+ 1
How to generate two distinct numbers whose sum is equal to given number
Hello guys ! I have a problem set in which I have to generate two distinct numbers whose sum is equal to the given number . Suppose 8 is a number ,then I have to generate any two distinct numbers whose sum will be equal to 8. Sample output. Numebr:8 Two numbers are: 6 2 One more thing is there ,both numbers should not contain the digit 4. Like it's should not be in this way---- Number :17 Two numbers are:13 4 Above output is wrong!! So anyone one can help me in getting the logic
12 odpowiedzi
+ 2
Just an idea I have in mind:
let x = 1, y = number - 1
loop while y greater than or equal to 1
if x + y equal to number
if x not equal to 4 and y not equal to 4
// we found a pair
x++
y--
But this way we may have multiple possibilities, I'm not sure which to choose if it happens. BTW is 4 an exception for any number of is it just for number 8? and how about 14 3 for number 17? 14 also has digit 4, so is 14 3 a valid pair for number 17?
(Edit)
I'm not even sure whether you want both number being not equals to 4 or neither number contains digit 4.
+ 12
Pranshu Ranjan Welcome! 😊
I saw you solve, 👍
I just suggested, if it suits you 😉 Okay!

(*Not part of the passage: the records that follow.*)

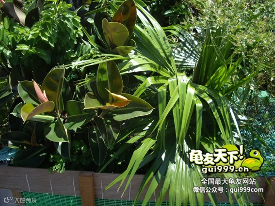 加入植物 抱歉我对植物真的懂得很少 基本上都是原有的还有跟亲朋好友要的盆栽 不过现在都把盆已去掉 直接种在龟园裡 还有许多自己长出来的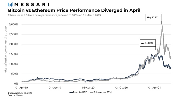 然而,在比特币的抛售中,引力开始起作用,每一种代币都是相关的,这一次也不例外。虽然 ETH 的表现在 4 月中旬前后出现与比特币背离,但在 6 月回落了 16%,整体表现仍优于比特币。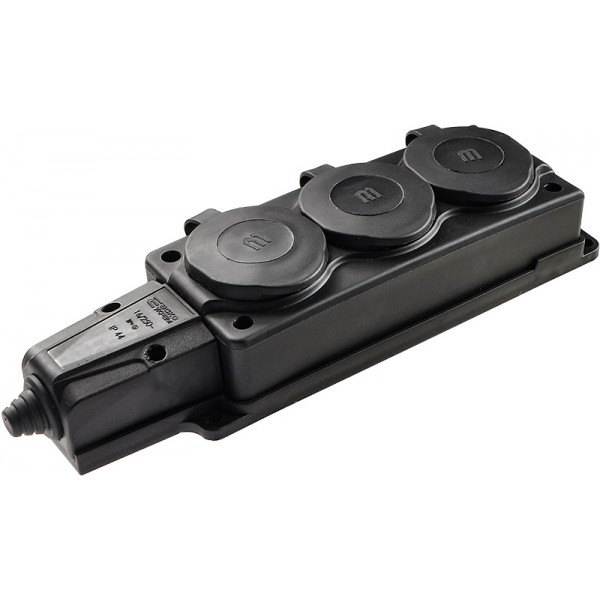 Колодка каучукова 2Р+PE з захисними кришками тримісна 16А IP44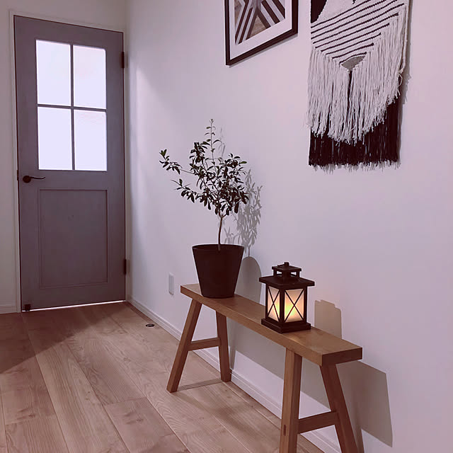 こちらのユーザーさんは、無垢材ベンチを玄関のディスプレイに活用されています。自然を感じさせてくれる無垢材が、やさしい雰囲気を作り出してくれます。ランタンのやわらかな光が、リラックス空間を演出してくれますね。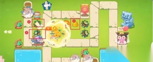 7、最后一波兔子很多,需要补充一些炮塔,按照下面的编号顺序进行补充即可。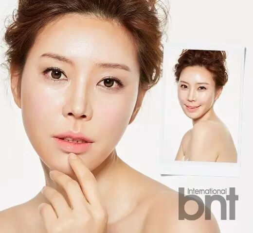 之后,在鼻部、下巴、全部、眉间涂抹高光产品,赋予肌肤自然光彩,在面部两遍及发际线线处涂抹修容粉,缩小面容。
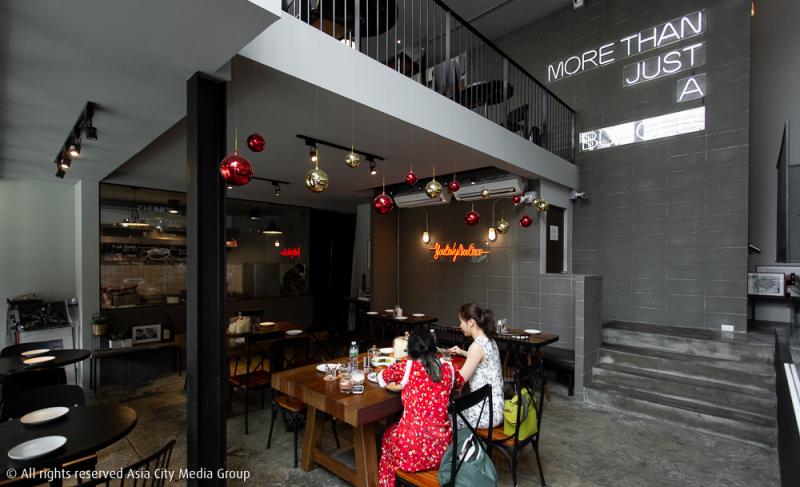 หลัก ๆ ที่เราเห็นได้จากการรีโนเวตร้านครั้งใหม่นี้ คือการตกแต่งที่ดูคลีนและแมนขึ้นกว่าเดิมไปอี๊ก! ทั้งการเลือกใช้สีผนังปูนเปลือย เฟอร์นิเจอร์ไม้สีเข้ม และตัดด้วยไฟนีออนดัดสีแดงฉาน ให้ฟีลเหมือนเดินเข้าร้านคราฟต์เบอร์เกอร์ในอเมริกาเลยทีเดียว

Have a nice coding friend! 🍻
+ 11
Pranshu Ranjan
Will help if you check whether a number can be expressed as sum of two prime numbers?
+ 3
Pranshu Ranjan,
Wow you're working on something great, I'll make sure to watch that video soon.
Thanks for sharing 👍
+ 2
thank you friend for helping me I am really glad!!
i made some changes in the code with your logic and it's fine.
here is the code:-------------------------
import java.util.*;
public class Foregone{
public static void main(String[] args){
int n,x,y;
n=21;
x=1;
y=n-1;
while(y>=1){
if(x+y==n){
if(!(hasFour(x))&&!(hasFour(y))){
System.out.println("found pairs are "+y+" "+x);
break;
}
}
x++;
y--;
}
}
static boolean hasFour(int num) {
int rem;
while (num > 0) {
rem = num % 10;
if (rem == 4)
return true;
num = num / 10;
}
return false;
}
}
+ 2
Pranshu Ranjan,
Good job my friend! you solved the problem. And now I understand clearly that you want neither x or y to have digit 4, great work! 👍
+ 1
Yep! 4 should not be in the digits we get for any sum ,there is no exception for a particular number .
For sum 17 : 14 3
Both digits is okay but 14 contains the digit 4 ,that's why this answer would be wrong.
And I think you're logic is somewhere right !! I will look forward to implement it .
Thank for your response!!
+ 1
It's good you have a solution.
Code on.
+ 1
Ipang .
Thanks ! Actually this question was asked in one of the challenge of conducted by Google.
Hey friend Take time ,and watch my recent project also!
Presenting you Sam a digital assistant .its same like Microsoft crotana ,amazon alexa or say Jarvis is here .
Do watch and let me hear what you think about it.
Link is below---
https://youtu.be/jDsmymypNdo
+ 1
Danijel
It's fine , I just wanted to get two distinct numbers and it's being solved .
Thanks for your response!
0
I won't give you the exact code, however try this approach.
Consider x is your target number.
nummax=x-1 nummin=1
Compare every value in between from nummin to nummax via stepping loop. Use logic to eliminate sum=x/2.
0
No need man! Everything is already done look above ,the code is written and is fine .
Thanks for your response and idea!!